We have a strategy where an old computer is mounted with a large external,
removable hard drive. Directories - large directories - that we have on our
other production servers are mounted on this small computer via NFS. A cron
job then does a simple "cp" from the NFS mounted production drive partitions
to to the large, external, removable hard drive.
I thought it was an elegant solution, myself, except for one small, niggling
detail.
It doesn't work.
The process doesn't copy all the files. Oh, we're not having a problem with
file locks, no. When you do a "du -sh <directory>" comparison between the
/scsi/web directory on the backup drive and the production /scsi/web
directory the differences measure in the GB. For example my production /scsi
partition has 62GB on it. The most recently done backup has 42GB on it!
I can think of reasons a filesystem might grow as it was copied, such as
hard or soft links on the source, or sparse files on the source, but it is
harder to think of reasons for a filesystem to shrink.
If a file is unlinked (removed) while another program has it open, the
file will disappear from the directory structure, while still occupying
space on the disk untill the running program ends or closes the unit. That
can't explain your problem, though, since it would affect df but not du.
What our research found is that the cp command apparently has a limit of
copying 250,000 inodes. I have image directories on the webserver that have
114,000 files so this is the limit I think I'm running into.
Very hard to believe any modern Unix has a fixed limit on the number of
files that can be copied. cp has no need to keep any state for copied
files, so while I haven't looked at the source, I wouldn't think it would
even count the number of files. On our recent FreeBSD machines we have
copied filesystems with millions of files.
What version of what Unix are you using? First thing to get to the bottom
of this is to determine if you are missing files, or parts of files on the
target. Could this be a problem with files over 2GB in size on an older
filesystem type? In the deep distant past there were no doubt cp utilities
that failed on large files.
You could run du (without the -s) on each filesystem and compare the
results, probably with diff (but I haven't tried that) to find out which
files lost content or didn't get copied.
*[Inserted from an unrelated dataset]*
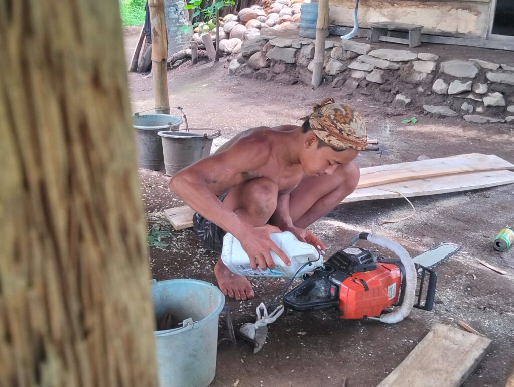 Memotong kayu adalah kegiatan waktu senggang, ketika ia tak bisa melakukan proses pembuatan gula. Musim hujan membuatnya ia istirahat, atau mengerjakan sesuatu yang bisa dikerjakan.

Are they the largest? All of the
same type or in the same directories? Compare the numbers of blocks with
the file lengths from ls to confirm.
Is the large external drive a USB or Firewire drive? Could it be a driver
problem? Have you looked at /var/messages for NFS error messages during
the copy?
While I'm looking at solutions like Bacula and Amanda, etc., I'm wondering if
RSYNCing the files may work. Or will I run into the same limitation?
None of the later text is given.